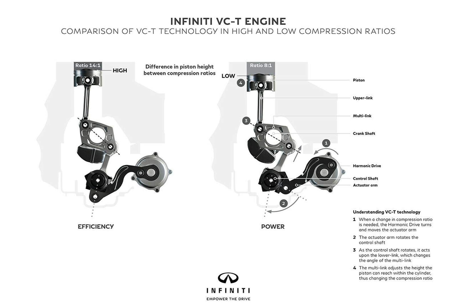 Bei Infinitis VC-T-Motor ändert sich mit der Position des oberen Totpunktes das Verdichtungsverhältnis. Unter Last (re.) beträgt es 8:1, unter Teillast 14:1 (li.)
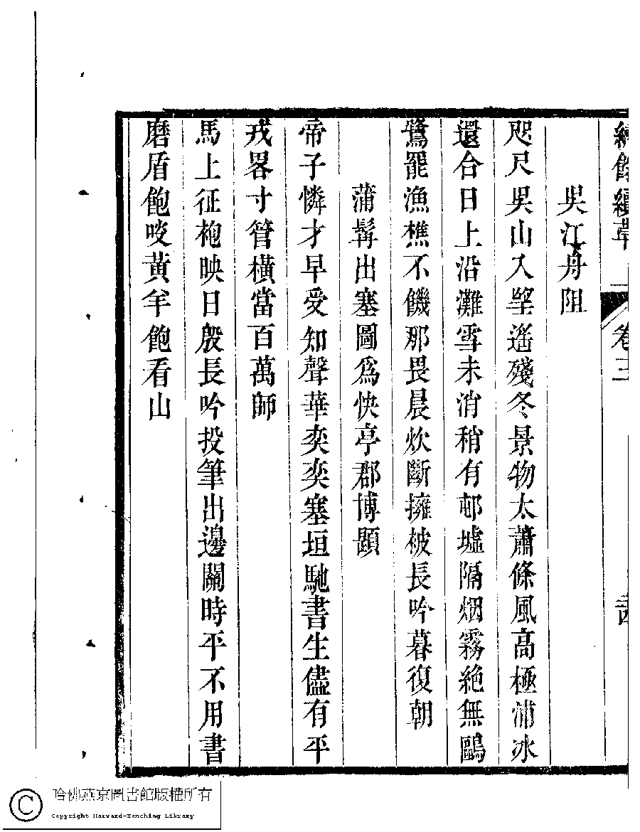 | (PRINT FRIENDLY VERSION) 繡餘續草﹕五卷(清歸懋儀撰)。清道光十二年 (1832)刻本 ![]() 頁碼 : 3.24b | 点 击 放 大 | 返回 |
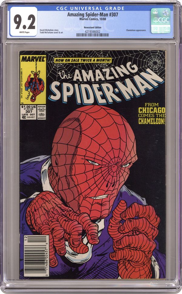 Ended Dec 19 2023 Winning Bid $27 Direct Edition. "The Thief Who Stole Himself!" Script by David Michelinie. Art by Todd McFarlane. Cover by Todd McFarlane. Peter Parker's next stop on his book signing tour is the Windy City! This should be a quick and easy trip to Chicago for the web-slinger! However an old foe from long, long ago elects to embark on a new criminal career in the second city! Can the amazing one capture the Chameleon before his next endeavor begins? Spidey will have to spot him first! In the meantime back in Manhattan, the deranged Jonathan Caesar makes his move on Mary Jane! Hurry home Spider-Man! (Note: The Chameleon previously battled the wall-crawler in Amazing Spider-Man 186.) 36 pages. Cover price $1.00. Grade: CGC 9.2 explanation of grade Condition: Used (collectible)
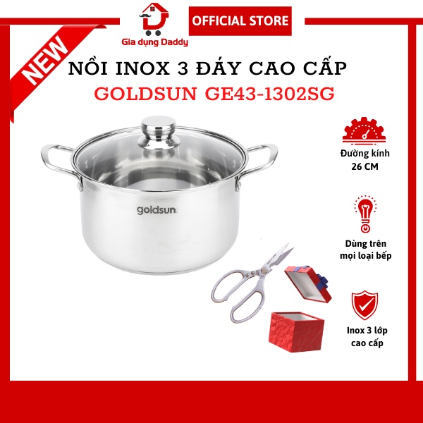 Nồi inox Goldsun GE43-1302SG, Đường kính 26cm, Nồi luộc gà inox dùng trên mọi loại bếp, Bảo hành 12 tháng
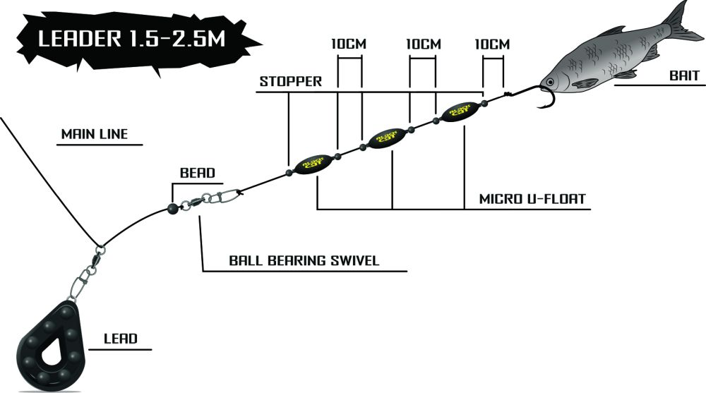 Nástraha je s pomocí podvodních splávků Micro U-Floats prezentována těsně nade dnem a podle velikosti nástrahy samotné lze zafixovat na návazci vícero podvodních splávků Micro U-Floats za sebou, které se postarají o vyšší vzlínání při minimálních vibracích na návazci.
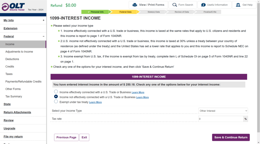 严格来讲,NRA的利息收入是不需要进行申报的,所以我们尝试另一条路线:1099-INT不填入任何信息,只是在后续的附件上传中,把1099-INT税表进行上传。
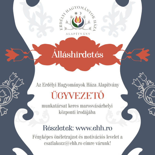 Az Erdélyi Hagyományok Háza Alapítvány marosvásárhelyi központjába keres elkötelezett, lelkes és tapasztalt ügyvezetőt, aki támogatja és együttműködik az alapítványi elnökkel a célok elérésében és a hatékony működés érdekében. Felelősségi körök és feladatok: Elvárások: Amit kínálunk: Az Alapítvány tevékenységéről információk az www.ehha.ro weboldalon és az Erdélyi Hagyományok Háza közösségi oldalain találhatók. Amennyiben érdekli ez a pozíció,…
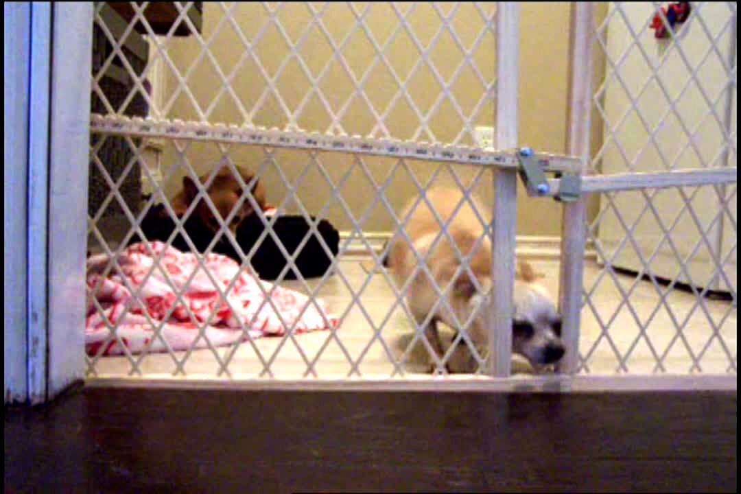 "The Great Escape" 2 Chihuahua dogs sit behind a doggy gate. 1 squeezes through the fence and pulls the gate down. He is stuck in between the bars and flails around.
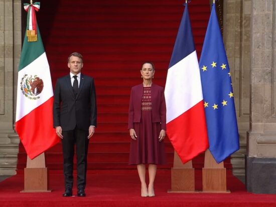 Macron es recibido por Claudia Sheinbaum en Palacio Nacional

^^^^^^^^

EXERCISE PROMPT:
Could you write out the whole listing exactly, dropping the pictures?

SOLUTION BELOW:
 Bei Infinitis VC-T-Motor ändert sich mit der Position des oberen Totpunktes das Verdichtungsverhältnis. Unter Last (re.) beträgt es 8:1, unter Teillast 14:1 (li.)
 | (PRINT FRIENDLY VERSION) 繡餘續草﹕五卷(清歸懋儀撰)。清道光十二年 (1832)刻本 ![]() 頁碼 : 3.24b | 点 击 放 大 | 返回 |
 Ended Dec 19 2023 Winning Bid $27 Direct Edition. "The Thief Who Stole Himself!" Script by David Michelinie. Art by Todd McFarlane. Cover by Todd McFarlane. Peter Parker's next stop on his book signing tour is the Windy City! This should be a quick and easy trip to Chicago for the web-slinger! However an old foe from long, long ago elects to embark on a new criminal career in the second city! Can the amazing one capture the Chameleon before his next endeavor begins? Spidey will have to spot him first! In the meantime back in Manhattan, the deranged Jonathan Caesar makes his move on Mary Jane! Hurry home Spider-Man! (Note: The Chameleon previously battled the wall-crawler in Amazing Spider-Man 186.) 36 pages. Cover price $1.00. Grade: CGC 9.2 explanation of grade Condition: Used (collectible)
 Nồi inox Goldsun GE43-1302SG, Đường kính 26cm, Nồi luộc gà inox dùng trên mọi loại bếp, Bảo hành 12 tháng
 Nástraha je s pomocí podvodních splávků Micro U-Floats prezentována těsně nade dnem a podle velikosti nástrahy samotné lze zafixovat na návazci vícero podvodních splávků Micro U-Floats za sebou, které se postarají o vyšší vzlínání při minimálních vibracích na návazci.
 严格来讲,NRA的利息收入是不需要进行申报的,所以我们尝试另一条路线:1099-INT不填入任何信息,只是在后续的附件上传中,把1099-INT税表进行上传。
 Az Erdélyi Hagyományok Háza Alapítvány marosvásárhelyi központjába keres elkötelezett, lelkes és tapasztalt ügyvezetőt, aki támogatja és együttműködik az alapítványi elnökkel a célok elérésében és a hatékony működés érdekében. Felelősségi körök és feladatok: Elvárások: Amit kínálunk: Az Alapítvány tevékenységéről információk az www.ehha.ro weboldalon és az Erdélyi Hagyományok Háza közösségi oldalain találhatók. Amennyiben érdekli ez a pozíció,…
 "The Great Escape" 2 Chihuahua dogs sit behind a doggy gate. 1 squeezes through the fence and pulls the gate down. He is stuck in between the bars and flails around.
 Macron es recibido por Claudia Sheinbaum en Palacio Nacional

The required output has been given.